Social Communication Questionnaire (SCQ; Rutter et al., 2003): a parent-completed screening instrument based on the Autism Diagnostic Interview-R that contains 40 yes-no questions pertaining to their child’s ASD symptoms. Item-level scores correspond to “0” or “1” determined by the parent’s report of “no” or “yes” responses. Total scores range from 0 to 39 with higher scores representing more social communication difficulties.

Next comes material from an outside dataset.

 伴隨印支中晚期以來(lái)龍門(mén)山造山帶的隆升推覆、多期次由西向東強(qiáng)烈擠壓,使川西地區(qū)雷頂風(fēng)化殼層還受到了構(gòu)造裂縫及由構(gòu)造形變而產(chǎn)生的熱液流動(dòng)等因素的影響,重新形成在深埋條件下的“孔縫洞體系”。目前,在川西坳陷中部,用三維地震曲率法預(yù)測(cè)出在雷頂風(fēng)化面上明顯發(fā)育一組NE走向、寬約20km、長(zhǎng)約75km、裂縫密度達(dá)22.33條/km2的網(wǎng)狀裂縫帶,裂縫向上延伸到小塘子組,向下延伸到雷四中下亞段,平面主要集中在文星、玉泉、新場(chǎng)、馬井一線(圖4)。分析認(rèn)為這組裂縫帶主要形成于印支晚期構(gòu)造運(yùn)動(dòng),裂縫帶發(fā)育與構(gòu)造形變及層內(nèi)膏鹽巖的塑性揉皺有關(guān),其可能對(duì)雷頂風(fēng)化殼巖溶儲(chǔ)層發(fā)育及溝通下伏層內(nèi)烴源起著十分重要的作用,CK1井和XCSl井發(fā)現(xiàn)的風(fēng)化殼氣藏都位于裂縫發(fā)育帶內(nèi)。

Vineland Adaptive Behavioral Scales-Third Edition (VABS-3; Sparrow et al., 2016): the VABS-3 was administered remotely via Zoom by research-reliable technicians. The VABS-3 is a parent interview assessing their child’s daily living skills, communication, and socialization skills and provides a measure of adaptive functioning used in the diagnosis of intellectual and developmental disabilities. The VABS-3 Standard Score is a composite of Communication, Socialization, and Daily Living Domain scores and represents each child’s overall adaptive behavioral functioning (Adaptive Behavioral Composite Standard Score; M = 100; SD = 15). Age equivalents from the Expressive Language subdomain provide an estimate of parent-reported expressive language skills.

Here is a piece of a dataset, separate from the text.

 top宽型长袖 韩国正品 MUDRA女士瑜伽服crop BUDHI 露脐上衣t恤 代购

Natural Language Sample (NLS)

Parent-Child Interaction (PCI): a 15-minute in-home interaction between the child and parent. This interaction was recorded by an examiner over Zoom. Parents were instructed to prepare activities at home that they thought would hold their child’s attention for this duration of the interaction and elicit communication (see Butler et al., 2022 for a description of the types of activities parents selected). Parents positioned themselves so that both they and their child were visible on the screen. Parents were provided with detailed instructions for recording high quality audio in .wav format using the Lexis audio editor app on their home devices and then were instructed to upload the files to a secure shared folder. Once the parent uploaded the .wav audio file, a research technician moved it to a secure password protected lab server and deleted the file from the shared folder. Recording via the Lexis app on an in-home local device, in addition to Zoom, ensured audio that did not rely on variable internet connectivity.

Coding scheme

The PCI was transcribed using Systematic Analysis for Language Transcripts (SALT; Miller & Iglesias, 2012) as part of a previous project (Butler et al., 2022). The coding for child communication (modality and form) and parent responsivity (response type) was carried out in SALT, while viewing the PCI video. The coding scheme (see Table 2 for definitions and examples of each coding category) built upon our prior work examining communication skills in MV autistic individuals (La Valle et al., 2020, 2021) and the pre-existing literature on children’s modalities (Aydin & Diken, 2020; Clarke & Williams, 2020; Iacono et al., 2016; Lima Antão et al., 2018; Özçalışkan et al., 2016; Sigafoos et al., 2014; followed ASHA, 2023 guidelines using the term spoken “language” instead of “speech” for the modality of spoken language variable) and forms of communication (Arendsen et al., 2007; Choi et al., 2020), and parent responsivity (Choi et al., 2020). For gestures, reach/point and reach/point approximation gestures were coded, as these types of gestures were found to commonly occur in our prior study investigating communicative gestures in MV autistic participants (e.g., La Valle et al., 2021). Event coding was used for child modality and form of communication, and parent responsivity. Parent response was coded within the first two utterances immediately following the child’s communication. Gaze behaviors (Ajodan et al., 2019) and communicative functions (e.g., joint attention vs requests; see La Valle et al., 2021) were not coded in the present study.

Table 2.

Definitions and examples of each coding category.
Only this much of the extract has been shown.